◆ **Exercise goal**
Starting with the line that has "这是一张保险科技发展趋势与创" in the records below and stopping after the line that has "Resonancia magnética donde", output every line exactly and nothing else; skip pictures.

◆ **Data section**
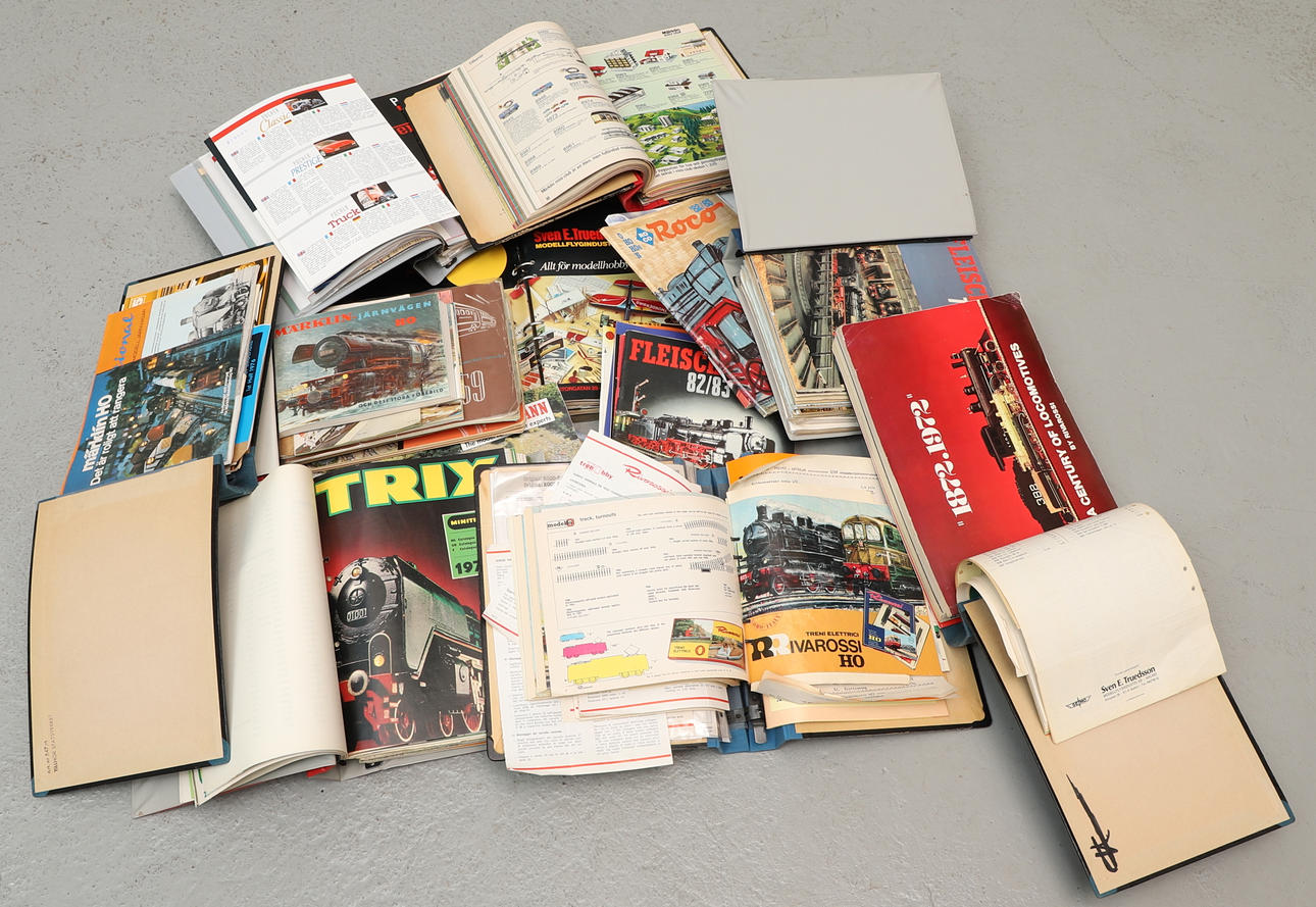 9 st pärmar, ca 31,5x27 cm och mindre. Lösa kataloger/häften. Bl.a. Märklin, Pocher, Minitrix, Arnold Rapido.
* * *
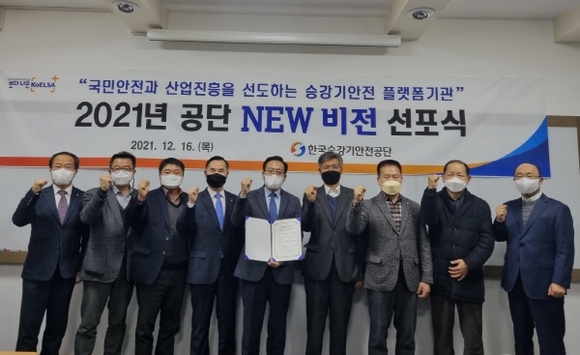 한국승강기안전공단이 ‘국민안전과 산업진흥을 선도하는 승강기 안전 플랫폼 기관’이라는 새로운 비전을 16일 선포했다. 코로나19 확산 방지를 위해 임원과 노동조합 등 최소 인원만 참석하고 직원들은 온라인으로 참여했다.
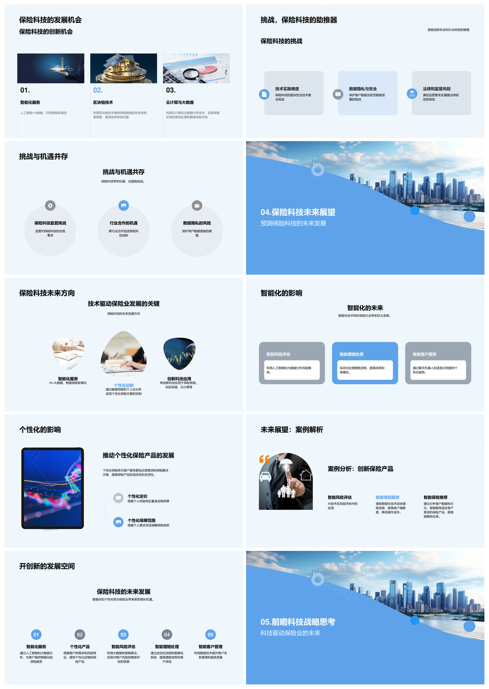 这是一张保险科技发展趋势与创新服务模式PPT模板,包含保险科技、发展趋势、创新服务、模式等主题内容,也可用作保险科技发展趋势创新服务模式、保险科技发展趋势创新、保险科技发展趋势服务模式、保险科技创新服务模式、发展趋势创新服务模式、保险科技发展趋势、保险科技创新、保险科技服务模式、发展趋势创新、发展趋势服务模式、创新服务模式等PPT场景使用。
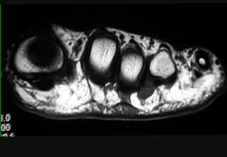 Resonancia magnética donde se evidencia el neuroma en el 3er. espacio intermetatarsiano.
---
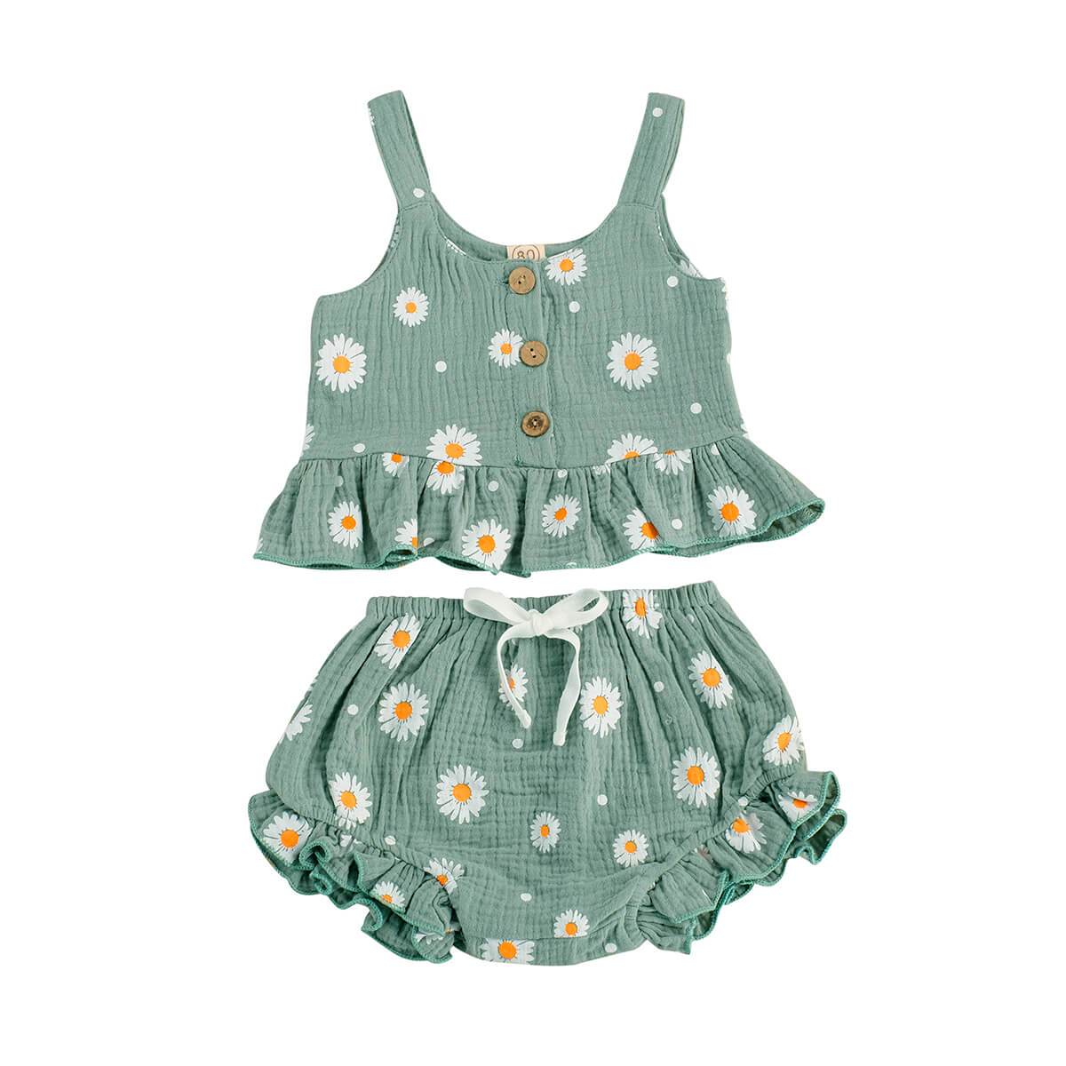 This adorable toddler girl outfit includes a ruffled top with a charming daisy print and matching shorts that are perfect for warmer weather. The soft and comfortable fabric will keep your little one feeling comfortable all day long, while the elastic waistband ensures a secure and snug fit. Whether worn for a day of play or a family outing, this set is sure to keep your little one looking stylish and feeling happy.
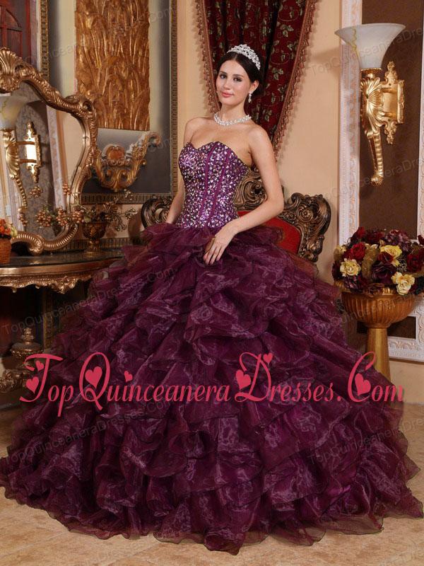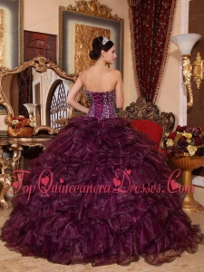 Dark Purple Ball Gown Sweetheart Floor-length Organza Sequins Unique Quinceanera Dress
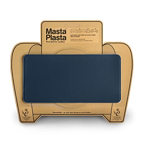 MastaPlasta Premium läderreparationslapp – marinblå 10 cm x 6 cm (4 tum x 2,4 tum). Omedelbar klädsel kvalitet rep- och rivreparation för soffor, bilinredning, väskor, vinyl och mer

◆ **Answer to the problem**
 这是一张保险科技发展趋势与创新服务模式PPT模板,包含保险科技、发展趋势、创新服务、模式等主题内容,也可用作保险科技发展趋势创新服务模式、保险科技发展趋势创新、保险科技发展趋势服务模式、保险科技创新服务模式、发展趋势创新服务模式、保险科技发展趋势、保险科技创新、保险科技服务模式、发展趋势创新、发展趋势服务模式、创新服务模式等PPT场景使用。
 Resonancia magnética donde se evidencia el neuroma en el 3er. espacio intermetatarsiano.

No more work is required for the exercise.